本文主要研究一下cortex的ReadRing

ReadRing

cortex/pkg/ring/ring.go

// ReadRing represents the read interface to the ring.
type ReadRing interface {
	prometheus.Collector

	// Get returns n (or more) ingesters which form the replicas for the given key.
	// bufDescs, bufHosts and bufZones are slices to be overwritten for the return value
	// to avoid memory allocation; can be nil, or created with ring.MakeBuffersForGet().
	Get(key uint32, op Operation, bufDescs []IngesterDesc, bufHosts, bufZones []string) (ReplicationSet, error)

	// GetAllHealthy returns all healthy instances in the ring, for the given operation.
	// This function doesn't check if the quorum is honored, so doesn't fail if the number
	// of unhealthy ingesters is greater than the tolerated max unavailable.
	GetAllHealthy(op Operation) (ReplicationSet, error)

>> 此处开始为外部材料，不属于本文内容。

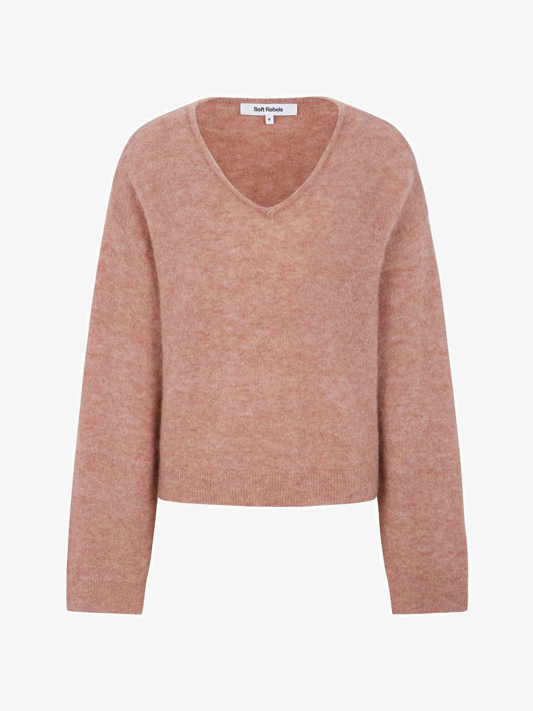 Deze roze trui van Soft Rebels is zacht, vrouwelijk en helemaal klaar voor het nieuwe seizoen. De relaxte fit en diepe V-hals maken hem perfect voor laagjes of gewoon zo, met je favoriete jeans of pantalon. Gemaakt van een comfortabele wolblend die warm aanvoelt en mooi valt.
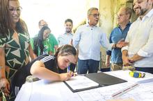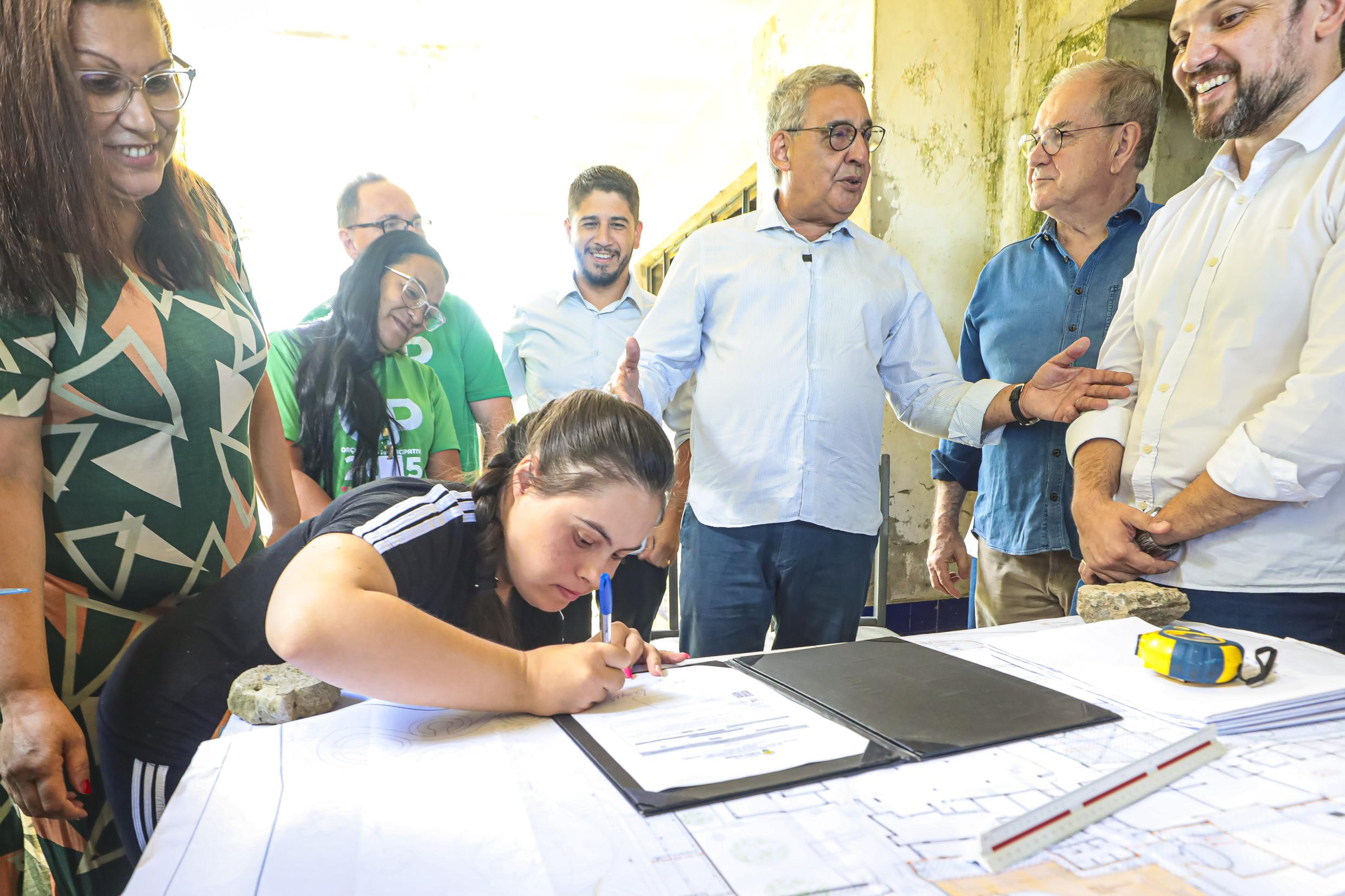 Porto Alegre, RS, Brasil, 05/01/2026: Acompanhado do secretário municipal de Educação, Leonardo Pascoal, o prefeito, Sebastião Melo, participou, do ato de assinatura da ordem de início das obras da Escola Municipal de Educação Infantil Raul Cauduro, no Bairro Mário Quintana. Foto: Alex Rocha/PMPA

	// GetReplicationSetForOperation returns all instances where the input operation should be executed.
	// The resulting ReplicationSet doesn't necessarily contains all healthy instances
	// in the ring, but could contain the minimum set of instances required to execute
	// the input operation.
	GetReplicationSetForOperation(op Operation) (ReplicationSet, error)

	ReplicationFactor() int
	IngesterCount() int

	// ShuffleShard returns a subring for the provided identifier (eg. a tenant ID)
	// and size (number of instances).
	ShuffleShard(identifier string, size int) ReadRing

	// ShuffleShardWithLookback is like ShuffleShard() but the returned subring includes
	// all instances that have been part of the identifier's shard since "now - lookbackPeriod".
	ShuffleShardWithLookback(identifier string, size int, lookbackPeriod time.Duration, now time.Time) ReadRing

	// HasInstance returns whether the ring contains an instance matching the provided instanceID.
	HasInstance(instanceID string) bool
}
复制代码

ReadRing内嵌了prometheus.Collector,定义了Get、GetAllHealthy、GetReplicationSetForOperation、ReplicationFactor、IngesterCount、ShuffleShard、ShuffleShardWithLookback、HasInstance方法

Get

cortex/pkg/ring/ring.go

// Get returns n (or more) ingesters which form the replicas for the given key.
func (r *Ring) Get(key uint32, op Operation, bufDescs []IngesterDesc, bufHosts, bufZones []string) (ReplicationSet, error) {
	r.mtx.RLock()
	defer r.mtx.RUnlock()
	if r.ringDesc == nil || len(r.ringTokens) == 0 {
		return ReplicationSet{}, ErrEmptyRing
	}

	var (
		n          = r.cfg.ReplicationFactor
		ingesters  = bufDescs[:0]
		start      = searchToken(r.ringTokens, key)
		iterations = 0

		// We use a slice instead of a map because it's faster to search within a
		// slice than lookup a map for a very low number of items.
		distinctHosts = bufHosts[:0]
		distinctZones = bufZones[:0]
	)
	for i := start; len(distinctHosts) < n && iterations < len(r.ringTokens); i++ {
		iterations++
		// Wrap i around in the ring.
		i %= len(r.ringTokens)
		token := r.ringTokens[i]

		info, ok := r.ringInstanceByToken[token]
		if !ok {
			// This should never happen unless a bug in the ring code.
			return ReplicationSet{}, ErrInconsistentTokensInfo
		}

		// We want n *distinct* ingesters && distinct zones.
		if util.StringsContain(distinctHosts, info.InstanceID) {
			continue
		}

		// Ignore if the ingesters don't have a zone set.
		if r.cfg.ZoneAwarenessEnabled && info.Zone != "" {
			if util.StringsContain(distinctZones, info.Zone) {
				continue
			}
			distinctZones = append(distinctZones, info.Zone)
		}

		distinctHosts = append(distinctHosts, info.InstanceID)
		ingester := r.ringDesc.Ingesters[info.InstanceID]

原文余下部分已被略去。